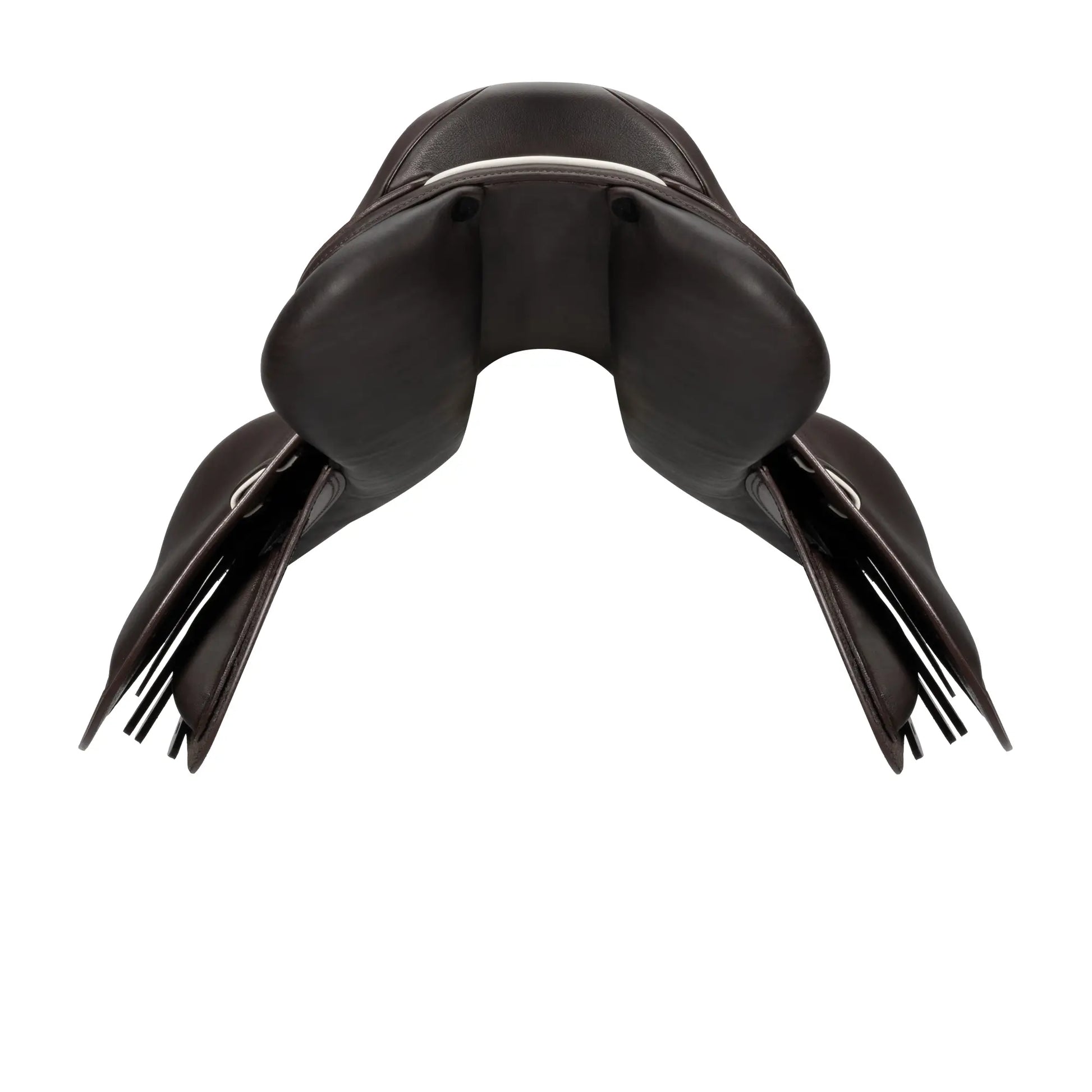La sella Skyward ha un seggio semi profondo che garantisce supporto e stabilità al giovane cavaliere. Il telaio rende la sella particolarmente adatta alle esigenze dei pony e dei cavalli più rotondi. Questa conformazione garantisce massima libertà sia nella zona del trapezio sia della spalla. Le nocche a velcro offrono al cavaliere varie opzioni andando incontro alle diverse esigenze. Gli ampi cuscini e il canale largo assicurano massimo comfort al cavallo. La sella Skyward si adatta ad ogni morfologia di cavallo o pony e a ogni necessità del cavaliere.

- - - - - - -

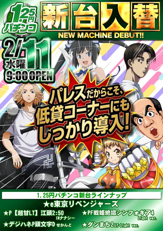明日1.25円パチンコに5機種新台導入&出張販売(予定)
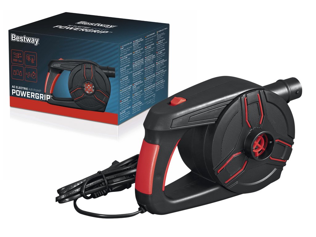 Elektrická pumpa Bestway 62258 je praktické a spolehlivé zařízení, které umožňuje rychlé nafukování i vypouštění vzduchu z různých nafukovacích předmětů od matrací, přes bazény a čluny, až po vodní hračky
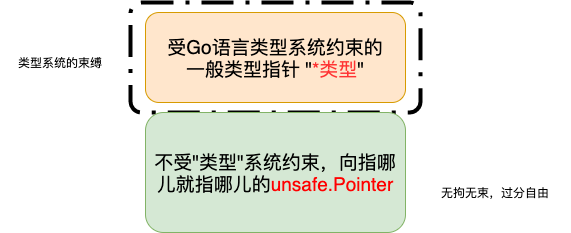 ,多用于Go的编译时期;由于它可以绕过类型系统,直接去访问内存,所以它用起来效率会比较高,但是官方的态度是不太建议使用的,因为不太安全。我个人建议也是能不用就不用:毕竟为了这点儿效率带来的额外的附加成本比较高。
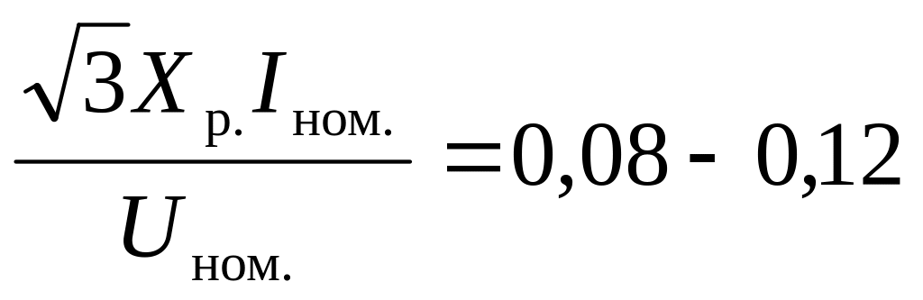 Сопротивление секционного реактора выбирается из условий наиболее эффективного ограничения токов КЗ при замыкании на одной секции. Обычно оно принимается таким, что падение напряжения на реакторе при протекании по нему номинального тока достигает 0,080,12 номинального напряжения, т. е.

- - - - - - -

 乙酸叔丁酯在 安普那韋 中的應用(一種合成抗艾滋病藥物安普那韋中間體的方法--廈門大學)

- - - - - - -

## EXERCISE REQUIREMENTS
Both boundary lines included, write out word for word only the lines above from the one containing "明日1.25円パチンコに5機種新台導入&出張販売(予定)" to the one containing "Сопротивление секционного реактора", leaving out any pictures.

## RESULT
明日1.25円パチンコに5機種新台導入&出張販売(予定)
 Elektrická pumpa Bestway 62258 je praktické a spolehlivé zařízení, které umožňuje rychlé nafukování i vypouštění vzduchu z různých nafukovacích předmětů od matrací, přes bazény a čluny, až po vodní hračky
 ,多用于Go的编译时期;由于它可以绕过类型系统,直接去访问内存,所以它用起来效率会比较高,但是官方的态度是不太建议使用的,因为不太安全。我个人建议也是能不用就不用:毕竟为了这点儿效率带来的额外的附加成本比较高。
 Сопротивление секционного реактора выбирается из условий наиболее эффективного ограничения токов КЗ при замыкании на одной секции. Обычно оно принимается таким, что падение напряжения на реакторе при протекании по нему номинального тока достигает 0,080,12 номинального напряжения, т. е.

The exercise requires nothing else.